EXCERPTED RECORDS.
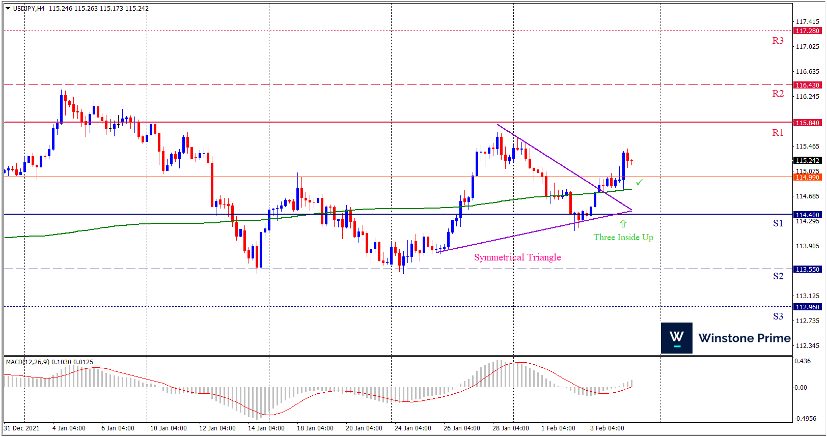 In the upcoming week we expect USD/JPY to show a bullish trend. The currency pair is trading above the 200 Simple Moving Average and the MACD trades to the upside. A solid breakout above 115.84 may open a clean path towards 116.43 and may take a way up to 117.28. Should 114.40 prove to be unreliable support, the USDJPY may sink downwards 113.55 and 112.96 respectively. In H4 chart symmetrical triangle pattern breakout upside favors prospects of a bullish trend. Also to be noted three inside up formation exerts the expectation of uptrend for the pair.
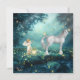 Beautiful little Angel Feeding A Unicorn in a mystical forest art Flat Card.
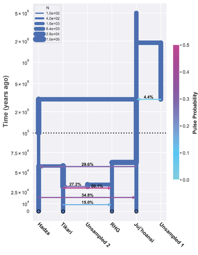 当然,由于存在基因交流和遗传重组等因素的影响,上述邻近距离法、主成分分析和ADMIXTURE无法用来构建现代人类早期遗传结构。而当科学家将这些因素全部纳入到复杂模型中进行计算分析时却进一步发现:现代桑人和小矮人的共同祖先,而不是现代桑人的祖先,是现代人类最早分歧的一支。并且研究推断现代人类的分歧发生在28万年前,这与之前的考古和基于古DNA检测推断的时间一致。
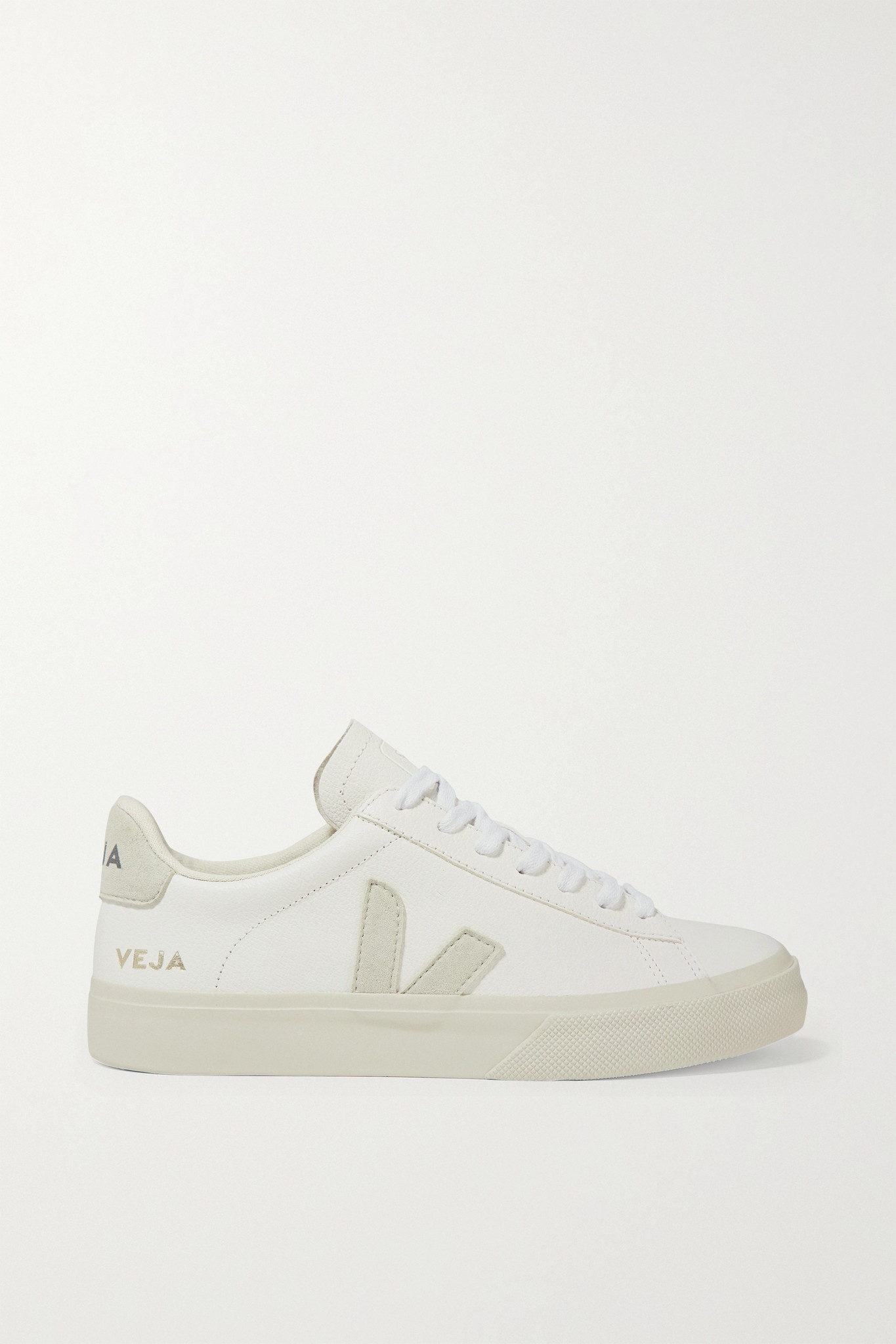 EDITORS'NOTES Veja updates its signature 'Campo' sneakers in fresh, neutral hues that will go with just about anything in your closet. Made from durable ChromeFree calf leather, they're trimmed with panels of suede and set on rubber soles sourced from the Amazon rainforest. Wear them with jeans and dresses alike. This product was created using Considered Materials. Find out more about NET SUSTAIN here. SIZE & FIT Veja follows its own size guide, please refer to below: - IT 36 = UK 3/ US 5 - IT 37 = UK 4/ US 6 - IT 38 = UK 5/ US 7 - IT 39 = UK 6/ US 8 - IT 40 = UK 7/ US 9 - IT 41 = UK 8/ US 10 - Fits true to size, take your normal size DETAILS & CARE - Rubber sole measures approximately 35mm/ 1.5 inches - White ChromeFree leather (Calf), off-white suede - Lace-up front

...

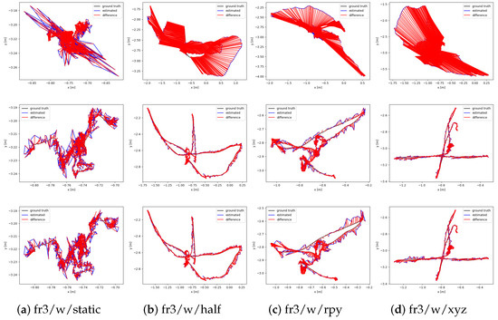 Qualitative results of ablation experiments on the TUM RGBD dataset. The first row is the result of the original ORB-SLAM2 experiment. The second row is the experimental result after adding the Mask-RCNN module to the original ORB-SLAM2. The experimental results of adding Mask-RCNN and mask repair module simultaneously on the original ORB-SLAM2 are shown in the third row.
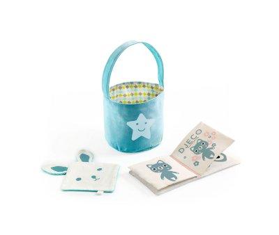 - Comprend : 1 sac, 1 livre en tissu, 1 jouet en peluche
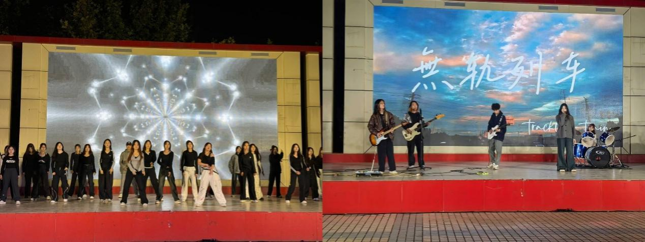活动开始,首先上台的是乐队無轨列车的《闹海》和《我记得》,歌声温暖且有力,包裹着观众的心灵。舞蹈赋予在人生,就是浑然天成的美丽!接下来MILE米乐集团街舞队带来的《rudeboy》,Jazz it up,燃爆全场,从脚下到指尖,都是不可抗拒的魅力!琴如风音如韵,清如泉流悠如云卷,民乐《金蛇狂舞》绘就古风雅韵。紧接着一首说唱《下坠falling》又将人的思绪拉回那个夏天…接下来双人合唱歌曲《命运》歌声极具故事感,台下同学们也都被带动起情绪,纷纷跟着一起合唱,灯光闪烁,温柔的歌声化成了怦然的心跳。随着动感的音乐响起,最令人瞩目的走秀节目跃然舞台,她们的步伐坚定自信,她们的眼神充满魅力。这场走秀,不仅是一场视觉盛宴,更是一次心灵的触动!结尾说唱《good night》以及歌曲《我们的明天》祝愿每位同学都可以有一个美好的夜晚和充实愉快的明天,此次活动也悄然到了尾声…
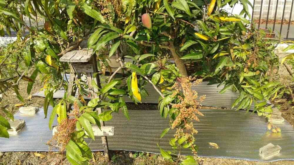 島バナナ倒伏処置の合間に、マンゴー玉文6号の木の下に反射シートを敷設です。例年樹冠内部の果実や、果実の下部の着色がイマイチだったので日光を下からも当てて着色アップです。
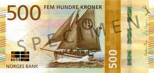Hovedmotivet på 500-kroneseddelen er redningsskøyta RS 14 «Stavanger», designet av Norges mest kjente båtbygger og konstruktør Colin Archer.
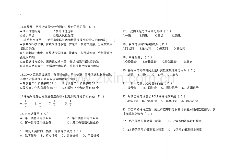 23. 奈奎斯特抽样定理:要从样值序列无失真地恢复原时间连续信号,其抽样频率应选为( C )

WHAT YOU NEED TO DO. Starting at the line containing "In the upcoming" and finishing at the line containing "Beautiful little Angel", return those lines exactly as they appear above, without the pictures.

RESPONSE TO THIS EXERCISE.
 In the upcoming week we expect USD/JPY to show a bullish trend. The currency pair is trading above the 200 Simple Moving Average and the MACD trades to the upside. A solid breakout above 115.84 may open a clean path towards 116.43 and may take a way up to 117.28. Should 114.40 prove to be unreliable support, the USDJPY may sink downwards 113.55 and 112.96 respectively. In H4 chart symmetrical triangle pattern breakout upside favors prospects of a bullish trend. Also to be noted three inside up formation exerts the expectation of uptrend for the pair.
 Beautiful little Angel Feeding A Unicorn in a mystical forest art Flat Card.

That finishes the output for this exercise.